It does not work for me. The colorjitter still performs different for multiple images. why?

weihaosky commented 4 years ago

Figured it out. Another random seed also needs to be set.

random.seed(RANDOM_SEED)
torch.manual_seed(RANDOM_SEED)
nik-hil commented 4 years ago

I find this helpful in image segmentation,

https://github.com/albu/albumentations/blob/master/notebooks/example_kaggle_salt.ipynb

SebastienEske commented 4 years ago

Hello, I would really think that if each transform had its own RNG object, we could provide it with a seed and that would solve the problem. Something along the lines of

class mytrandomransform():
    def __init__(self, seed=None):
        self.rng = CMWC() #or any other RNG object
        if seed!=None:
            self.rng.seed(seed)
    def run(self):
        return self.rng.random()
a = mytrans(2)
b = mytrans(2)

Here is a more complete code example And this is a fully backward compatible change since we only add one optional parameter when creating the transform.

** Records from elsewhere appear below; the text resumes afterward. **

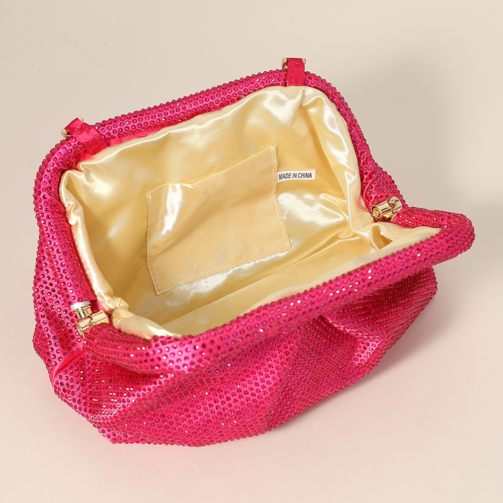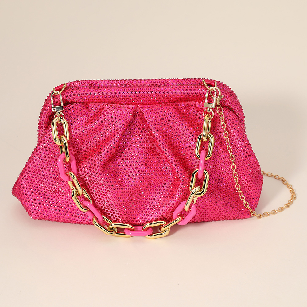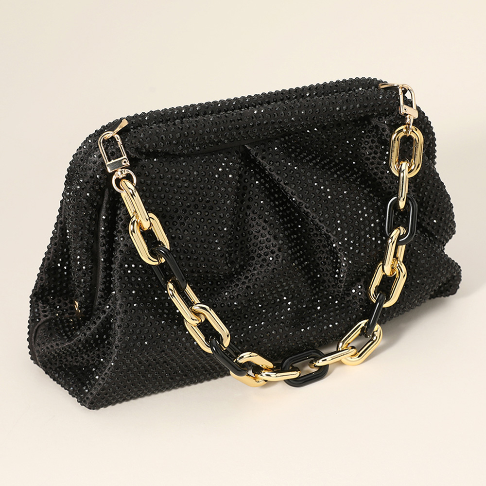 Bling Studded Chunky Chain Strap Accented Evening Clutch Bag / Crossbody Bag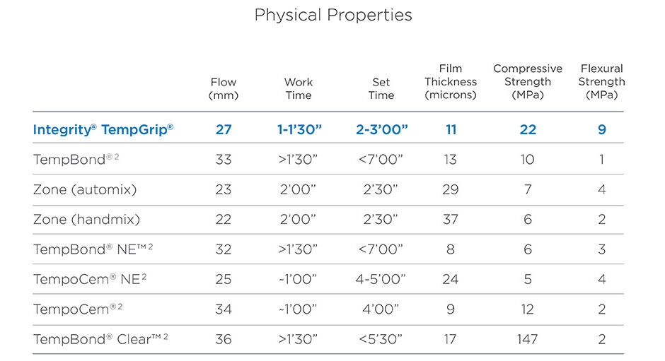 Il cemento per corone e ponti Integrity TempGrip utilizza una cementazione semplificata sia per il fissaggio di provvisori che per la loro rimozione durante la seconda visita per una pulizia più efficiente. Scegli un cemento provvisorio resistente per corone che riduca al minimo il rischio di sensibilità post-operatoria lasciando un’area pulita per il passaggio successivo.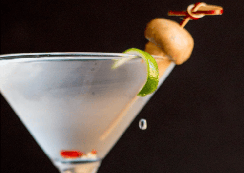 - In mixing glass or cocktail shaker filled with ice, combine gin and vermouth. Stir well, about 20 seconds, then strain into martini glass. Garnish with marinated mushroom and lime twist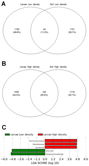 Venn diagram showing core microbiome (OTUs) shared between larvae and soil in (A) low- and (B) high-density sites (LD and HD, respectively). (C) Differentially abundant bacterial families between shared microbiomes in HD and LD sites: 2 OTUs belonging to Ruminococcaceae and 1 OTU from Rikenellaceae were enriched in the HD site, whereas 1 OTU belonging to UCG_010 and 1 OTU from Dysgonomonadaceae were enriched in the LD site.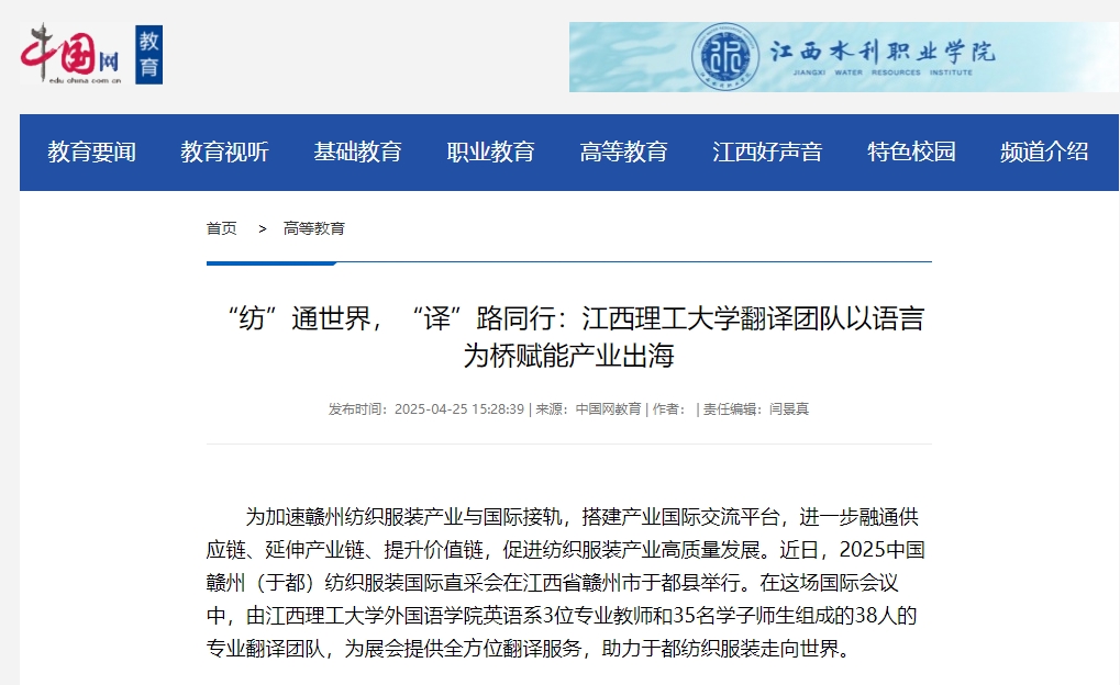 江西理工大学外国语学院师生在直采会中的表现,不仅展现了高校翻译人才培养的显著成果,更印证了“语言联通世界”的深远意义。在为赣州纺织服装“出海”按下加速键的同时,更是践行深化应用型人才培养改革的生动注脚。当纺织服装产业的“中国制造”通过精准的语言走向全球,当江理学子在实战中成长为行业需要的复合型人才,这条产教融合的道路,正为地方经济的高质量发展注入新的活力。(尧佳琳、徐玉冉)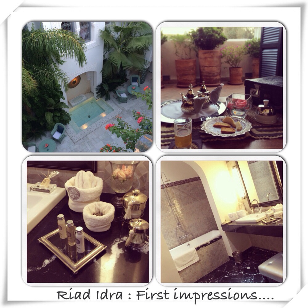 We arrived in Marrakech to a dry, sunny Autumn evening, leaving the soggy leaves and blustery gales of Manchester in October far behind. First impressions of the Riad Idra were just perfect, a cool white marble courtyard bedecked with lush greenery, singing sparrows and fuschia blooms, with sugary mint tea on the rooftop terrace, a time to unwind before we were shown our Amal room. The perfect, gentle introduction to a holiday I thought, already these smaller Moroccan Riads seem so different to many larger hotels we’ve visited, where you’re simply given the plastic key & pointed to the lift.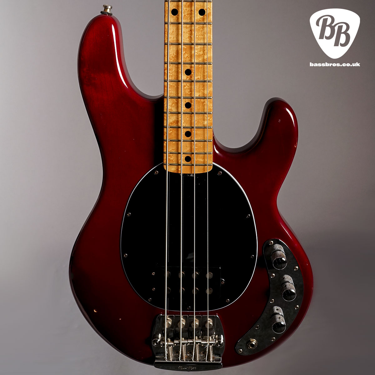 Here we have a very nice Ernie Ball Musicman Stingray 2 EQ from 1991. The trans red…

ginobilinie commented 4 years ago

I gave it a shot on implementing some generic random transform that could be applied so several inputs (even for example images + bounding boxes). An example implementation can be found here. Here are the main ideas:

  • Allow to pass an arbitrarily nested tuple of inputs (can be image, labels, bboxes, masks, etc), and the Compose transform can accept the tuple instead of individual elements
  • The sequence of transforms should be a list as before, but if an entry is a list, then it is applied to the corresponding instance of the tuple of inputs, and if it's not, then it's applied to all the elements at the same time.
  • Every random transform should consist of 2 classes: a random generator, that generates the elements during the function call, and the transform itself, that can accept the generator object and uses the random parameters generated from it. It can thus allow the same transformation to be applied to different inputs by reusing the same implementation, and it's not needed to implement say RandomCrop2Images etc.
  • It's backward compatible with previous transforms.

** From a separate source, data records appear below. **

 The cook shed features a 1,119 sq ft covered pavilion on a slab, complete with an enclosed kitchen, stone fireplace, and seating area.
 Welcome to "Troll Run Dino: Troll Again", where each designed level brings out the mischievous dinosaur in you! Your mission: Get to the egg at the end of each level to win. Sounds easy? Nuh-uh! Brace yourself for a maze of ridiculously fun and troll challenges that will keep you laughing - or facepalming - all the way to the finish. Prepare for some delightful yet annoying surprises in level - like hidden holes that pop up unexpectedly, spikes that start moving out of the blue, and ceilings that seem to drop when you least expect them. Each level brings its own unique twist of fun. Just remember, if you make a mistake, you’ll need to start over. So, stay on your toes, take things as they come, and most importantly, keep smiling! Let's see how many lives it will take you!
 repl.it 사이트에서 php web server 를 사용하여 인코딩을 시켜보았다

It's a bit rough (and maybe a bit too complicated), but it could handle the cases we have mentioned in this thread. Yes, the main issue is if you use transforms.compose, then the call function of your transform operation can only take two positional arguments, one is self, another can be a tuple, for example, (img, gt). But it seems it can accept more than 1 returns.

LucaMarconato commented 3 years ago

Another possibility without having to change the seed it to save and load the state. In this example I transform both the origin and the target applying the same instance of a random transformation. For me the only seed making a change was the torch seed, not the random one or the numpy one.

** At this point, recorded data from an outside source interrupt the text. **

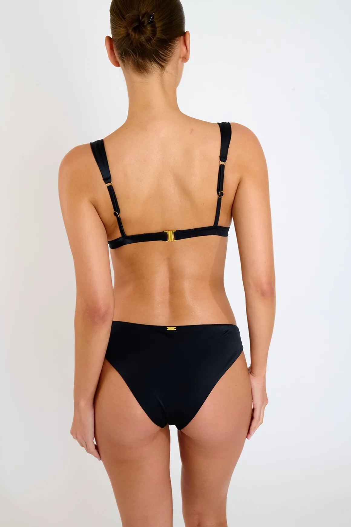 | Description | AIMLO CORALISS black bikini top from the Banana Moon Couture collection. Elegant and feminine, this satin burgundy triangle top is enhanced with a golden shell to elevate your look by the water. The straight straps and back tie provide support and comfort. Pair it with the AGUA CORALISS bottom for a complete set. |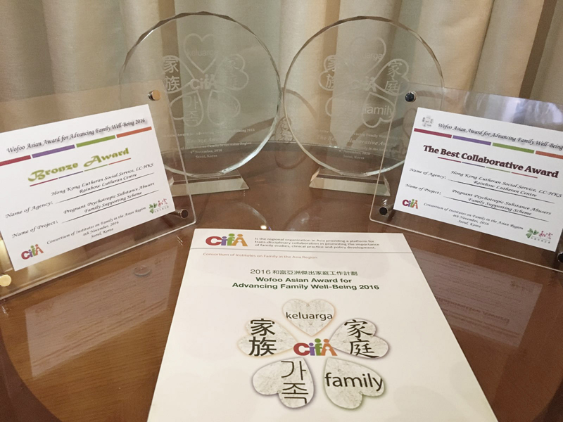 • 2016 The “Bronze Award” and “The Best Collaborative Award”, Wofoo Asian Award for Advancing Family well-being 2016, Consortium of Institutes on Family in the Asia Region (CIFA) to “Pregnant Psychotropic Substance Abusers Supporting Scheme: An integrated program to drug-abusing mothers in KEC” by CCDS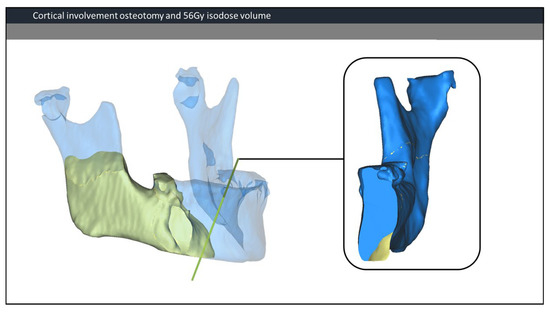 Cortical involvement osteotomy and 56 Gy isodose volume. On the left, an overview of the mandible and the 56 Gy isodose volume (yellow). The osteotomy plane is visualized in green. On the right side, a view perpendicular to the osteotomy plane. In this case, only the lingual cortex is involved.

t = transforms.RandomRotation(degrees=360)
state = torch.get_rng_state()
x = t(x)
torch.set_rng_state(state)
y = t(y)
MarioGalindoQ commented 2 years ago

I think I have a simple solution: If the images are concatenated, the transformations are applied to all of them identically:

import torch
import torchvision.transforms as T

# Create two fake images (identical for test purposes):
image = torch.randn((3, 128, 128))
target = image.clone()

# This is the trick (concatenate the images):
both_images = torch.cat((image.unsqueeze(0), target.unsqueeze(0)),0)

# Apply the transformations to both images simultaneously:
transformed_images = T.RandomRotation(180)(both_images)

# Get the transformed images:
image_trans = transformed_images[0]
target_trans = transformed_images[1]

# Compare the transformed images:
torch.all(image_trans == target_trans).item()

>> True